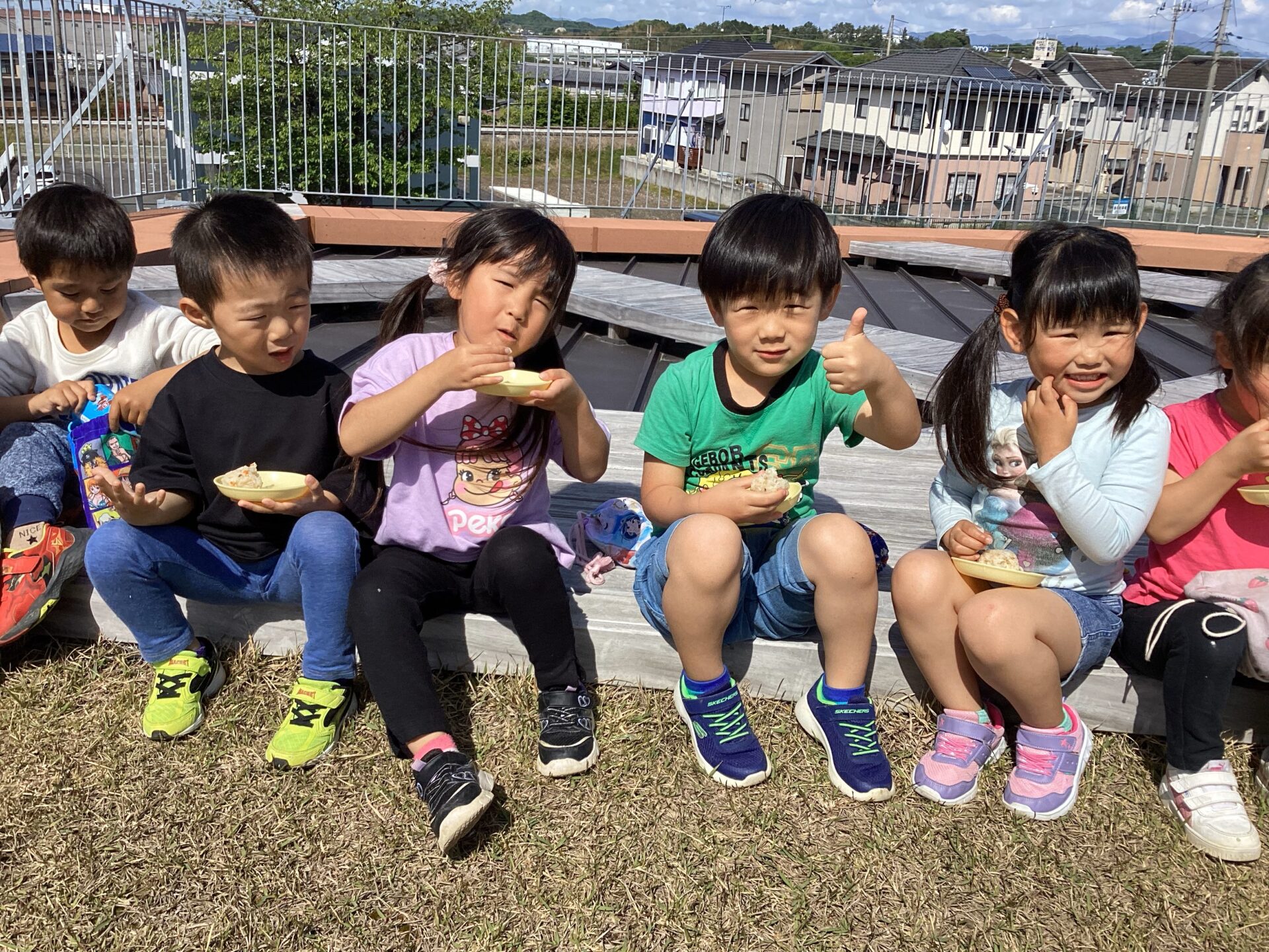ぽかぽか天気の良い日に、そらチームのみんなで屋上へ行き、午後のおやつを食べました。
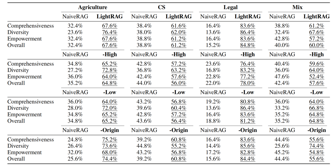 在增量数据更新方面,GraphRAG 由于其社区结构的限制,在引入新数据时不得不拆除并重新生成整个社区结构,耗费大量 token 和时间,成本极高。而 LightRAG 凭借其增量更新算法,能够将新数据无缝整合到现有的图结构中,避免了重复构建的开销,大大提高了更新效率。
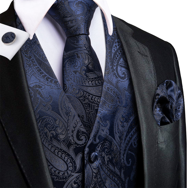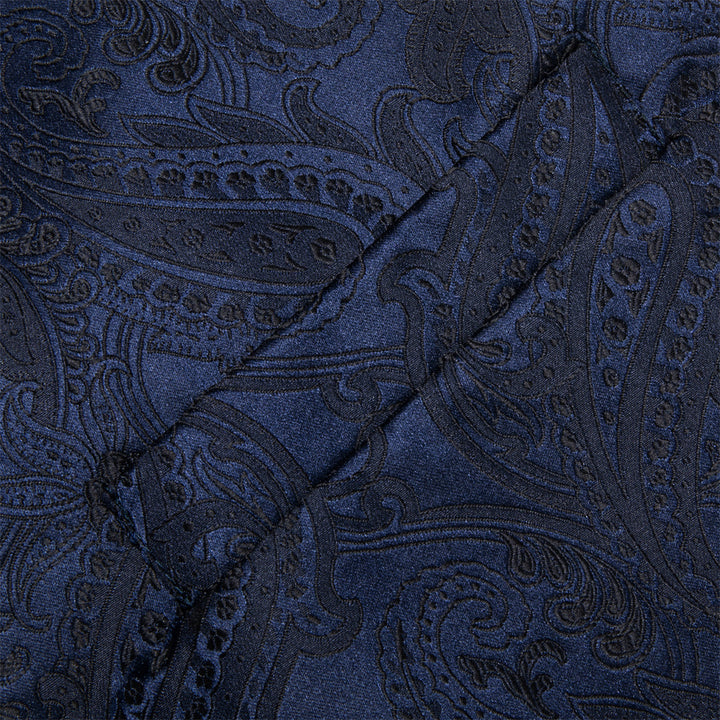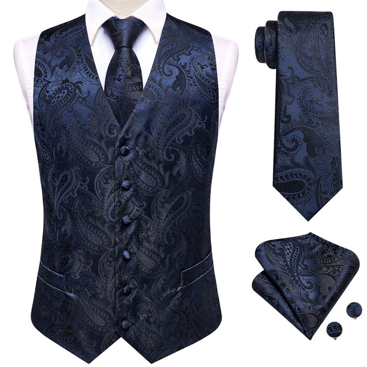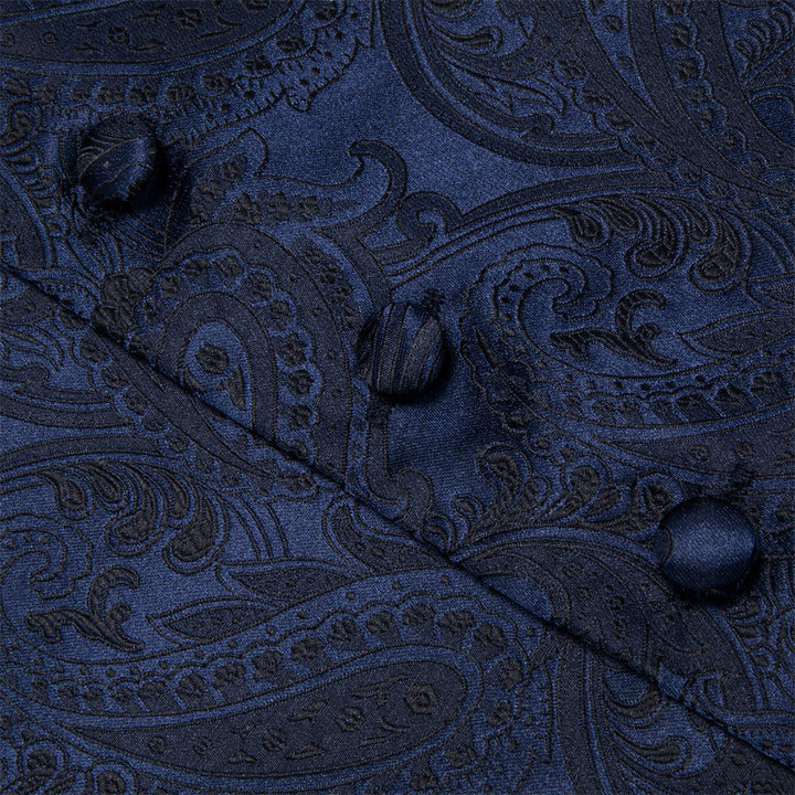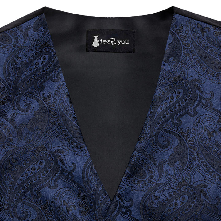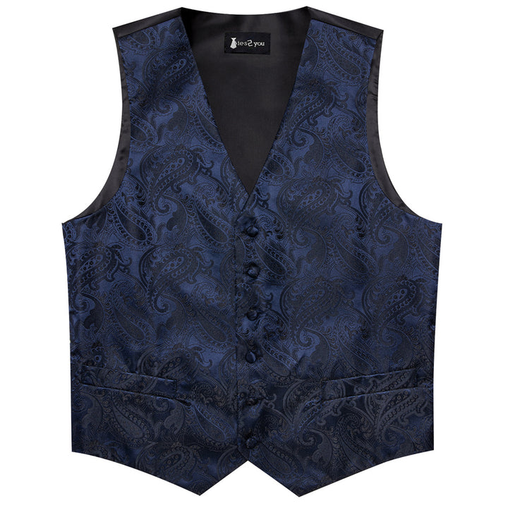 Ties2you Dark Midnight-Blue Paisley Pattern V-Neck Silk Vest Necktie Set
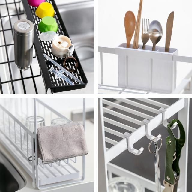 カトラリーポケット・カトラリートレー・フックが付属します。カトラリーや細かいお弁当の小物、寝かせた包丁など整理整頓しながら乾かせます。フックを付けると輪ゴムや水筒パッキン、スポンジなどを引っ掛けて収納できます。
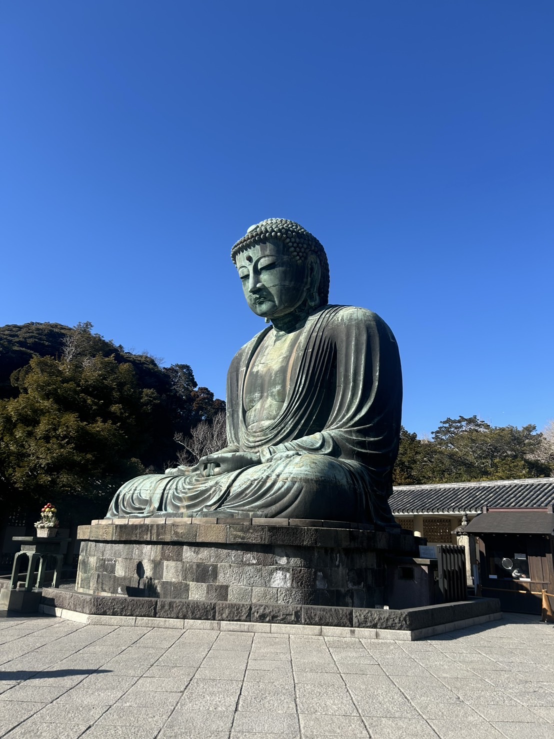 鎌倉の大仏は、近くで見ると想像以上に静かで落ち着いた存在感があります。
------------
- Task requirements: Every entry should be returned exactly as written, minus the pictures.

- The completed task:
ぽかぽか天気の良い日に、そらチームのみんなで屋上へ行き、午後のおやつを食べました。
 在增量数据更新方面,GraphRAG 由于其社区结构的限制,在引入新数据时不得不拆除并重新生成整个社区结构,耗费大量 token 和时间,成本极高。而 LightRAG 凭借其增量更新算法,能够将新数据无缝整合到现有的图结构中,避免了重复构建的开销,大大提高了更新效率。
 Ties2you Dark Midnight-Blue Paisley Pattern V-Neck Silk Vest Necktie Set
 カトラリーポケット・カトラリートレー・フックが付属します。カトラリーや細かいお弁当の小物、寝かせた包丁など整理整頓しながら乾かせます。フックを付けると輪ゴムや水筒パッキン、スポンジなどを引っ掛けて収納できます。
 鎌倉の大仏は、近くで見ると想像以上に静かで落ち着いた存在感があります。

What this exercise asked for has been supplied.